Western blotting of conditioned media collected from the upper
compartments of the Boyden chambers during invasion assays reveals that
the 86-kDa active form of MMP-9 is present in parental ARCaP and sense
MMP-26-transfected ARCaP cell media, but very little active
MMP-9 is present in the antisense MMP-26-transfected ARCaP
cell media. These findings suggest that MMP-26 activated MMP-9 in
parental ARCaP and sense MMP-26-transfected ARCaP cells, while very little activation took place in the antisense
MMP-26-transfected ARCaP cells. When present, active MMP-9
accumulates in the cytosol of human endothelial cells, where it is
eventually utilized by invading pseudopodia (40), and it is possible
that endogenous, self-activated MMP-26 acts as an activator for
intracellular pro-MMP-9. The active form of MMP-9 may then be stored
inside the cell, ready for rapid release when it is required to
facilitate the invasion of ARCaP cells.
Consistent with the above data, double immunofluorescence labeling and
confocal laser scanning microscopy reveal that MMP-26 and MMP-9 were
co-localized in parental ARCaP and sense MMP-26-transfected ARCaP cells, affording them ample opportunity to interact.

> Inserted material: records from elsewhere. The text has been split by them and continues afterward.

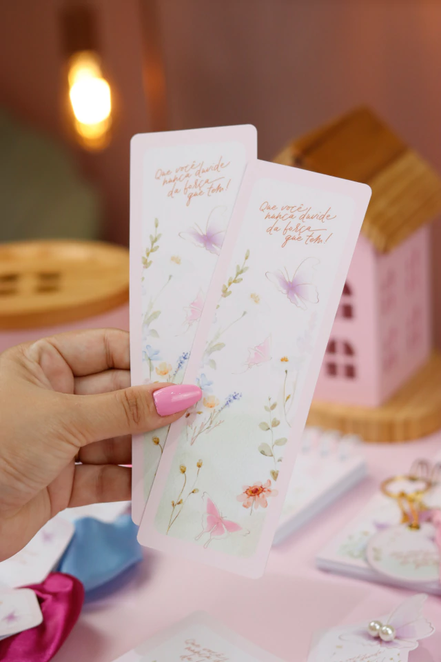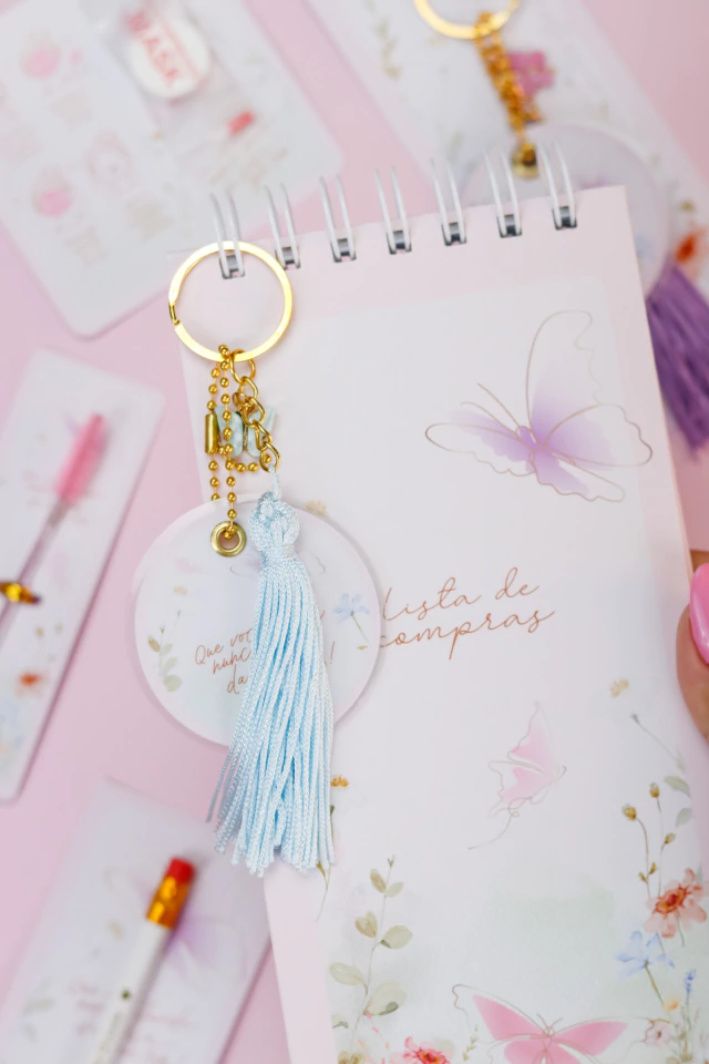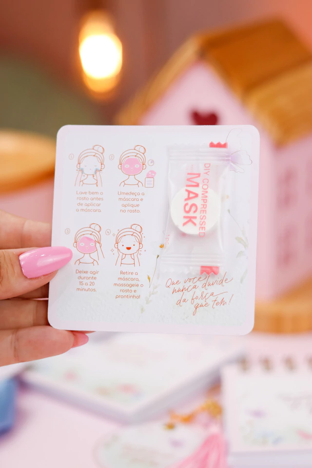 - máscara do rosto, cílios, xuxinha, serrinha, brincos, lápis ou caneta, tag redonda para chaveirinho e marcadores de página.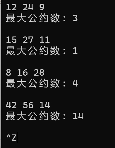 #include <stdio.h> int gcd(int a, int b, int c); int main() { int a, b, c; int ans; while (scanf_s("%d%d%d", &a, &b, &c) != EOF) { ans = gcd(a, b, c); printf("最大公约数: %d\n\n", ans); } return 0; } int gcd(int a,int b,int c) { while (a != b) { if (a > b) a = a - b; else b = b - a; } while (c != b) { if (c > b) c = c - b; else b = b - c; } while (a != c) { if (a > c) a = a - c; else c = c - a; } return a; }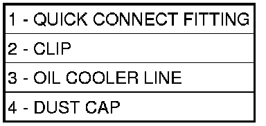 4. Slide the dust cap (4) down the transmission cooler line and snap it over the quick connect fitting until it is fully seated and rotates freely. The dust cap will only snap over the quick connect fitting when the transmission cooler line is properly installed.
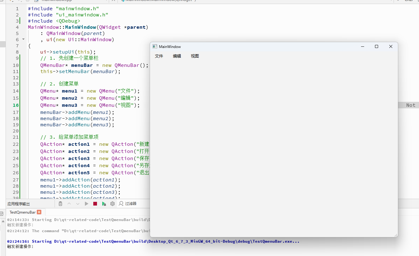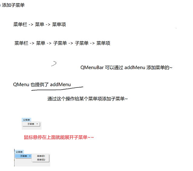 创建菜单,并通过 QMenu 提供的 addMenu() 函数 来添加菜单。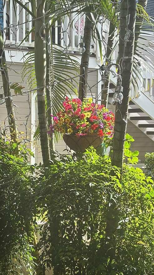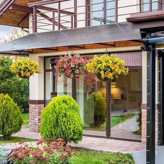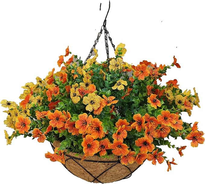 Artificial Faux Hanging Plants Flowers Basket for Summer Autumn, Colorful Daisy Flowers Eucalyptus UV Resistant Look Real for Outdoor Outside Porch Decoration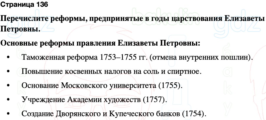 Перечислите реформы, предпринятые в годы царствования Елизаветы Петровны.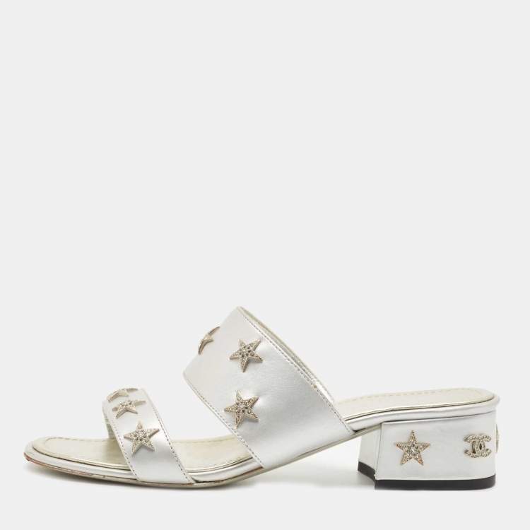 Chanel Silver Leather Embellished Slide Sandals Size 36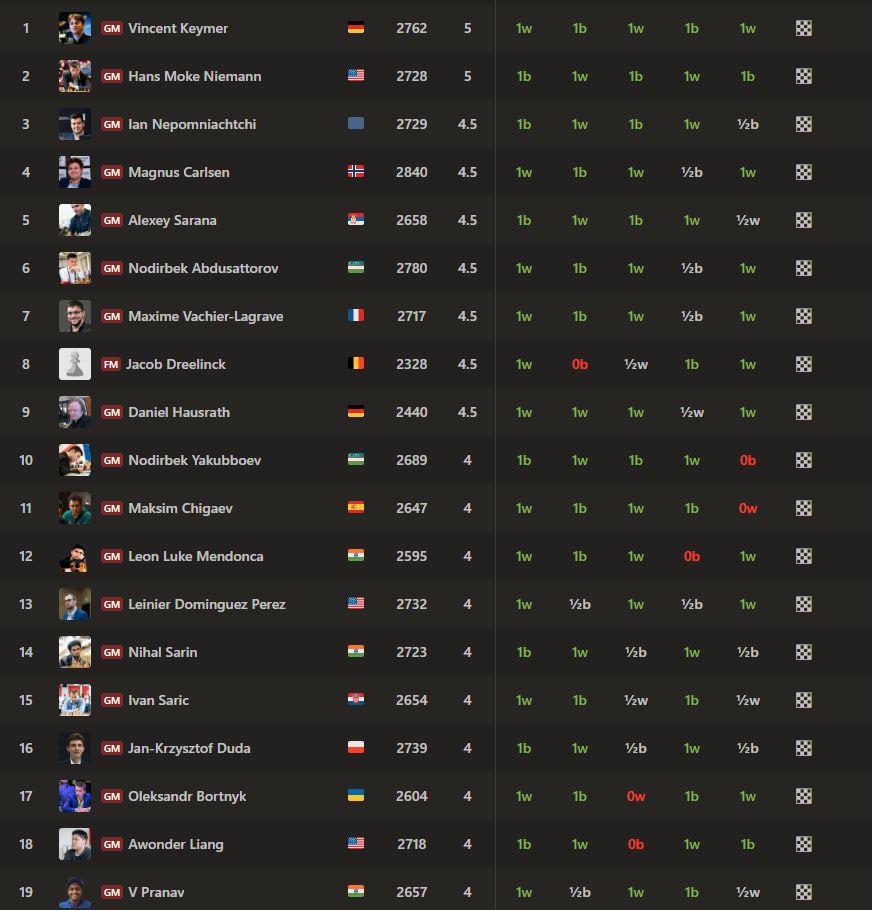 Бешинчи турдан сўнг Нодирбек Абдусатторов 4,5 очко жамғарган ҳолда қўшимча кўрсаткичларга кўра 6-ўринни эгаллаб турибди. Винсент Кеймер ва Ҳанс Мок Ниеманн 5 очкодан тўплаб, юз фоизлик кўрсаткич билан турнир жадвалида қўшҳокимлик қилишяпти. Жами 9 нафар шахматчи ҳисобида 4,5 очкодан бор. Нодирбек Якуббоев 4 очколилар орасида энг яхши кўрсаткичга эга ва у умумий жадвалда Топ-10`таликка якун ясаган. Шамсиддин Воҳидов 3,5 очко билан 31-ўриндан жой олган бўлса, 3 очкога эга Афруза Ҳамдамова 81-поғонада бормоқда.
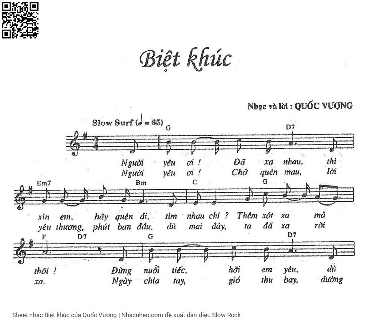 Phần nghe hát Biệt khúc (Quốc Vượng) được nhúng từ Youtube, Musescore hoặc link ngoài và chịu sự kiểm soát bản quyền của bên thứ ba đó, vì vậy có thể bị xóa hoặc chèn quảng cáo bất kỳ lúc nào. Nếu bạn không nghe - xem được ca sĩ hát tức là đã bị Youtube hoặc Musescore kiểm soát.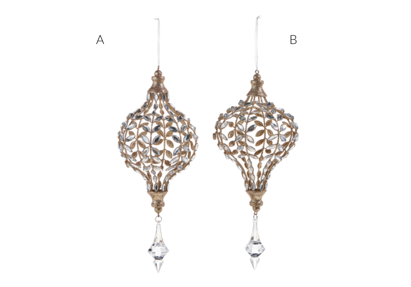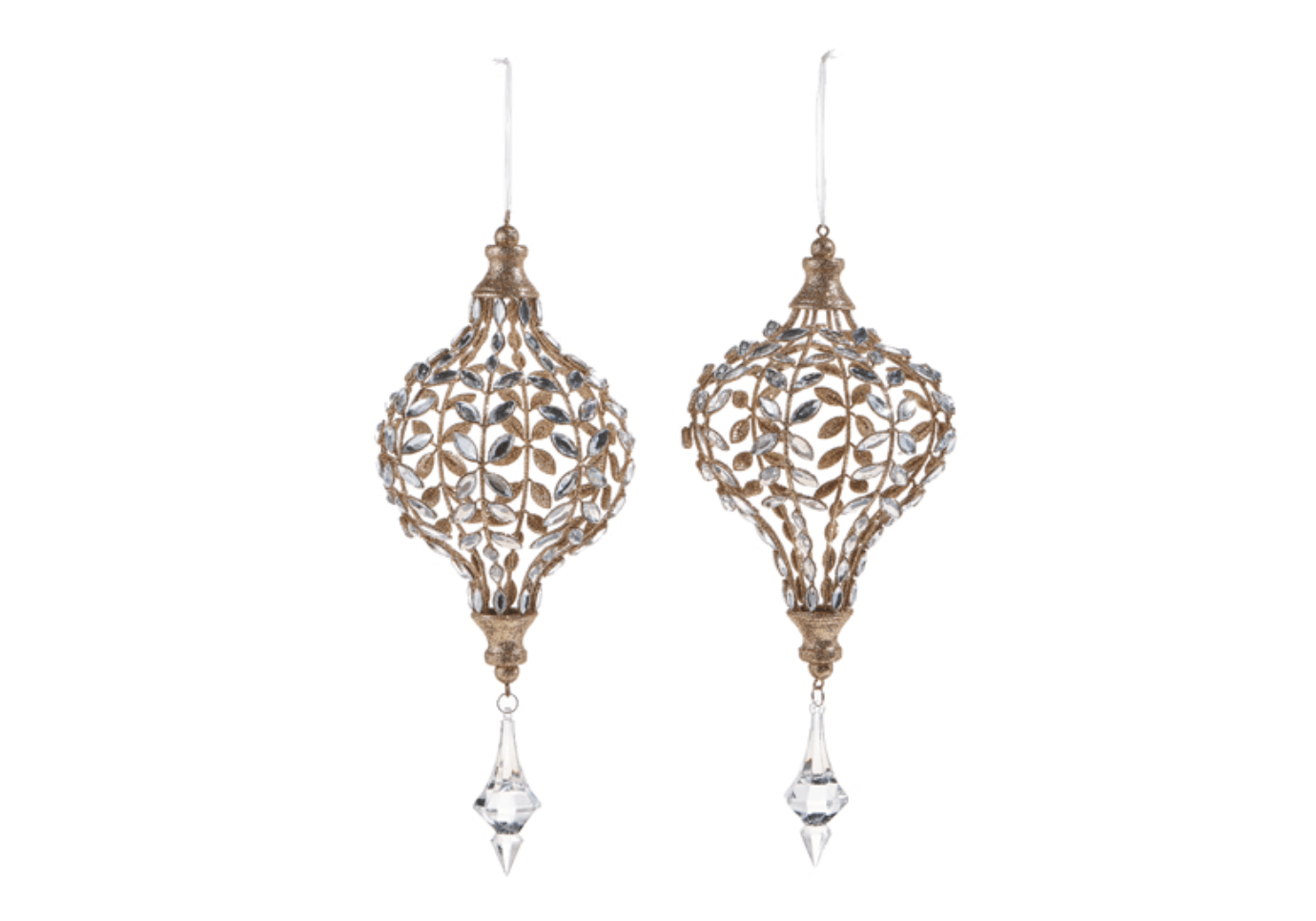 Esfera ahuecada metal champagne cristal y gota colgando.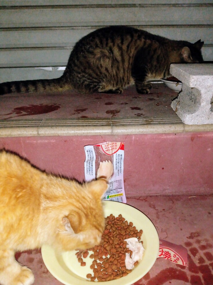 今日も土砂降りの中猫達が待ってくれていました、雨降ると誰も餌をくれなくなるのです。腹ペコリンです😮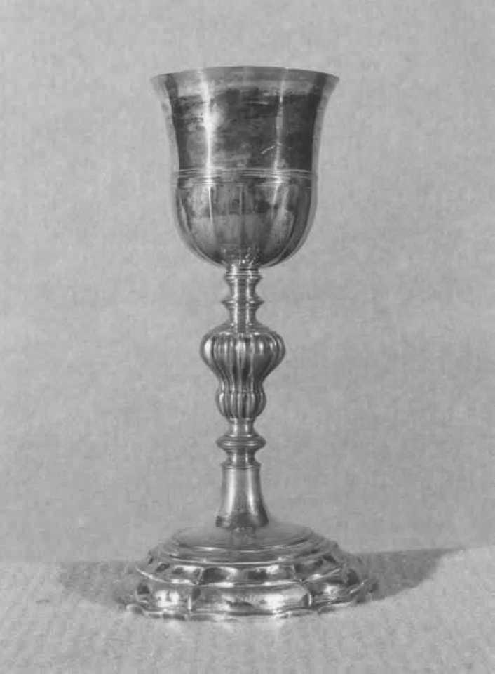 Piede : a sezione circolare mistilinea. Nodo : piriforme. Coppa: a cam- pana

Co-localization was not observed in antisense
MMP-26-transfected ARCaP cells, as MMP-26 was not expressed
in these cells. Immunohistochemistry revealed a similar relationship in
human prostate tissue samples, demonstrating that MMP-26 and MMP-9 were
also co-expressed in prostate carcinomas. Recently, Nemeth et
al. (36) have reported that both MMP-9 mRNA and
protein were expressed in biopsy specimens from patients with
documented, bone-metastatic prostate cancer. Thus, the biochemical
activation mechanism of pro-MMP-9 that we observed in vitro
might well be applicable to prostate cancer in vivo.
Although direct degradation of the ECM by MMP-26 may contribute to the
processes of cell invasion and tumor metastasis, as the consequential
relationship between MMP-26 and MMP-9 begins to emerge, we find
evidence of coordination and a proteolytic cascade (activation of
MMP-9) that may be a major pathway to promote the invasion of human
prostate carcinoma. The specific expression of MMP-26 and its potential
role in the invasion of cancer cells suggest that MMP-26 may be a new
marker for certain types of prostate carcinomas, and perhaps a new
therapeutic molecular target for prostate cancer.